For these two precipitation variables, both rainfall and snowfall display severe zero inflation, with over 90% of observations equal to zero, as shown by the proportion distribution table. To avoid the dominance of zero values masking the behaviour of precipitation intensity, the analysis therefore examines the distribution of positive values conditional on precipitation occurring to better understand the informational content of these variables.

In [None]:
rain_pos = df_clean.loc[df_clean["rainfall"] > 0, "rainfall"]

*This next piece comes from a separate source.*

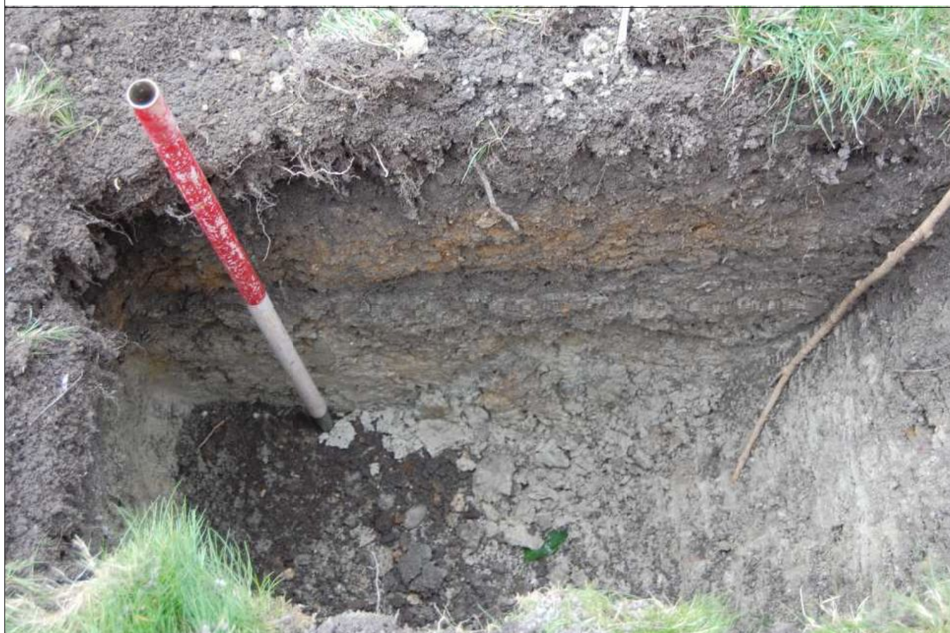
Plate 2: Test Pit, looking west.

plt.figure(figsize=(8, 5))
sns.histplot(rain_pos, bins=20, kde=True)
plt.title("Distribution of positive rainfall values")
plt.xlabel("Rainfall (mm)")
plt.ylabel("Frequency")
plt.tight_layout()
plt.show()

In [None]:
snow_pos = df_clean.loc[df_clean["snowfall"] > 0, "snowfall"]

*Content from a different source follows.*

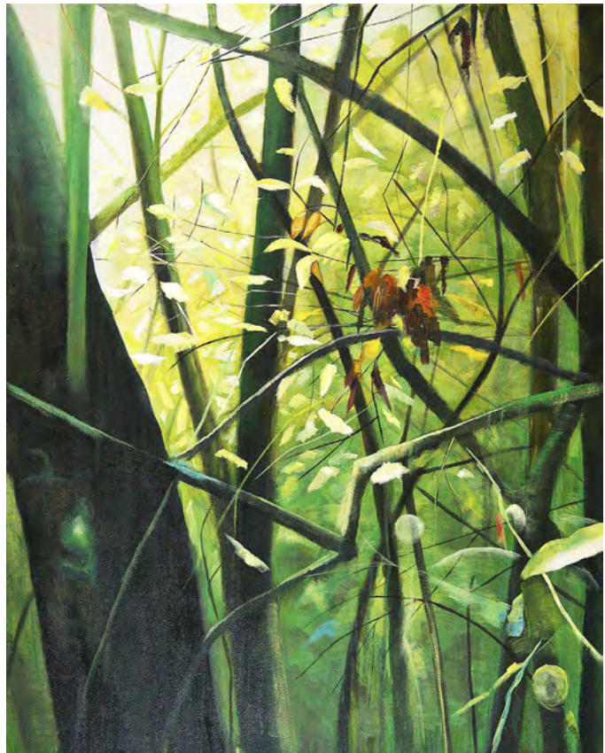
Below right Water Wheel 2014 Oil on board 150 x 100 cm

plt.figure(figsize=(8, 5))
sns.histplot(snow_pos, bins=20, kde=True)
plt.title("Distribution of positive snowfall values")
plt.xlabel("Snowfall (cm)")
plt.ylabel("Frequency")
plt.tight_layout()
plt.show()

These distributional patterns suggest that rainfall and snowfall may affect demand through two distinct mechanisms: first, whether precipitation occurs at all, and second, the magnitude of precipitation when it does occur. However, the conditional distributions indicate that most non-zero precipitation values are relatively small, with only a limited number of extreme events. Including precipitation intensity directly as a continuous regressor may therefore contribute little additional explanatory power while introducing numerical instability and negative influence on models from these rare extreme observations. To address this, binary indicator variables are constructed to capture the occurrence of rainfall and snowfall, allowing the models to focus on the presence of precipitation as the primary signal. The original continuous measures are retained only to represent intensity conditional on precipitation occurring, where appropriate.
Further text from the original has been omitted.